Bounded variable transformation when not using HMC?

Thanks for the helpful discussion @ricardoV94. Really appreciate the help and insight on automatic transforms. (FWIW I’m mainly using slice sampler.)

I’ve come up against an issue when working with non-transformed models that do have bounded variables. It’s immediately following this thread so I thought I’d write here, but happy to take the conversation somewhere else if that’d be preferred.


I’ve noticed that if a variable has a bounded distribution and is not transformed, the sampler may sometimes send out-of-bounds parameter values to the likelihood function.
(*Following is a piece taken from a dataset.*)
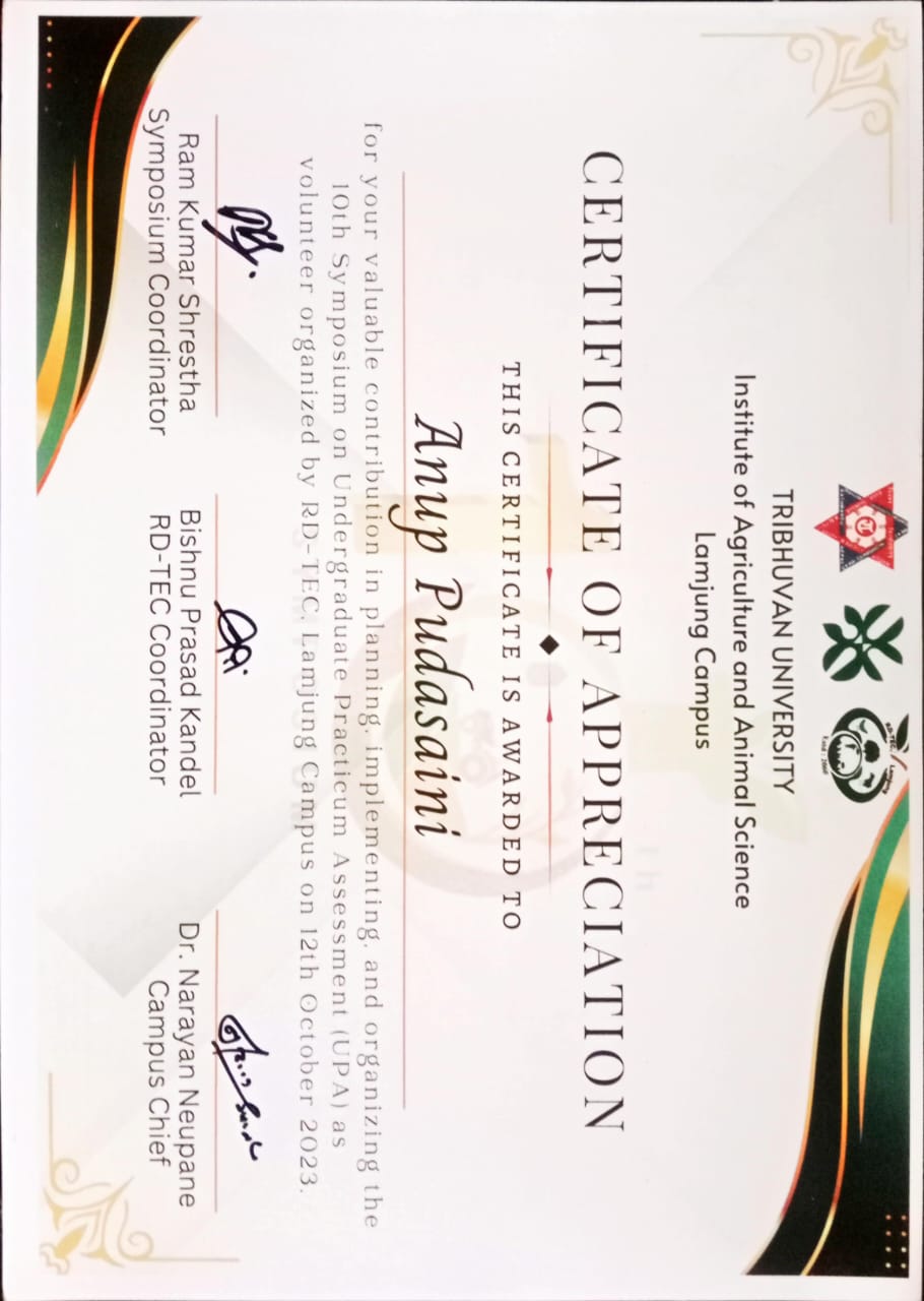 Motivated and impact-driven agriculture graduate from Tribhuvan University with hands-on experience in agricultural research, GIS mapping, and youth leadership. I have led multiple community-oriented projects integrating sustainable farming practices, digital tools, and youth engagement. My passion lies in bridging research, technology, and community development to create practical solutions for Nepal's agricultural challenges.

In particular what seems to be going on is,

  1. Step method proposes, or tests, a parameter value that is outside the bounds of that variable (this is fine and expected sometimes)
  2. pymc/pytensor calculates that the logp of that particular factor is -inf
  3. But pymc still cranks out the full sum of model logp terms, which means that the variable with logp=-inf gets passed on to the model likelihood term. (or in more complex models, it could just be that the impossible value of the hyperprior gets passed on to some other node in the DAG)
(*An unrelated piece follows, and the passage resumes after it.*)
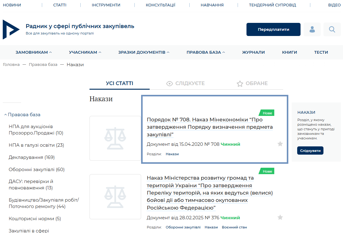 Вітаємо! Інформуємо, що на порталі актуалізовано наказ Мінекономіки “Про затвердження Порядку визначення предмета закупівлі” (розділ Накази Правової бази):
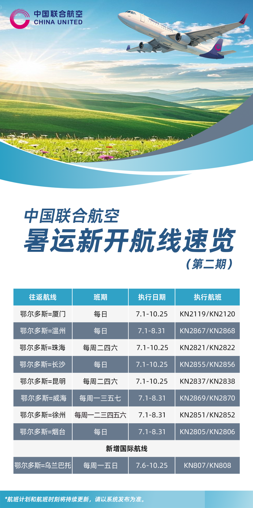 鄂尔多斯往返 中联航暑运新开航线 航空运输要闻 航线航班 6月27日 编辑 通讯员mk 取消关注 关注 私信 这个夏天 中国联合航空为你准备了更多惊喜航线 带你探索更多没有见过的风景 希望你的每一程旅途 都能成为逃离日常的浪漫出口 第二期新开航线来啦 随着天气转热,暑期跨省游增多,热门城市及景区人流量增大,出游前请合理规划出行时间和线路,尽量避免高峰时段出行,并关注天气信息,及时查看出行航班状态,祝您暑期旅行愉快! 民航暑运航旅资讯中联航

This is not an issue when the default transforms are used, because any possible real number that the step method could propose gets transformed to that variable’s bounds. In my case, this basically means that I run up against the same exception from my likelihood function as we were discussing above.

With the built-in pymc distributions, it looks like the logp functions use switch to ensure that they are robust to any parameter value. But in my case, the black-box likelihood may fail if parameter values are too extreme. I had thought that specifying bounded prior distributions would be sufficient to ensure that out-of-bounds values do not get passed along the DAG when computing model logp, but currently this is not the case.

Here’s a MWE of what I mean:

import numpy as np
import pymc as pm
import pytensor

# Simple regression on one slope term. Let's enforce that the slope variable
# remains within the following bounds.
bounds = (-2, 2)

# Data generation
X = np.random.uniform(size=1000)
m = 1
assert bounds[0] <= m <= bounds[1]
Y = m * X + np.random.randn(1000) * 0.1

# Model using an extended Normal logp that raises AssertionError if its coefficient
# is outside of the enforced bounds
def regression_logp(x, y, beta, sigma):
    b = pytensor.raise_op.Assert("unexpected beta!")(
        beta,
        pytensor.tensor.all(
            [pytensor.tensor.ge(beta, bounds[0]), pytensor.tensor.le(beta, bounds[1])]
        ),
    )
    val = x * b
    return pm.Normal.logp(value=y, mu=val, sigma=sigma)

with pm.Model() as m:
    b = pm.TruncatedNormal("b", mu=0, sigma=5, lower=bounds[0], upper=bounds[1], transform=None)
    y_obs = pm.Potential("y_obs", regression_logp(x=X, y=Y, beta=b, sigma=0.1))

    # Sampling will fail due to AssertionError. This occurs with any step method.
    # But sampling doesn't fail if we keep the default transform on b.
    idata = pm.sample()

I’m wondering if it could be reasonable to modify the behavior of the pymc model’s logp() function. What if, rather than calculating all of the logp terms (in this line), we stop if any of the terms is -inf? I’m not sure if this would have any bad side-effects that I can’t think of right now. Or how it should be implemented—would we want a new pytensor accumulator Op that stops if a certain condition is met?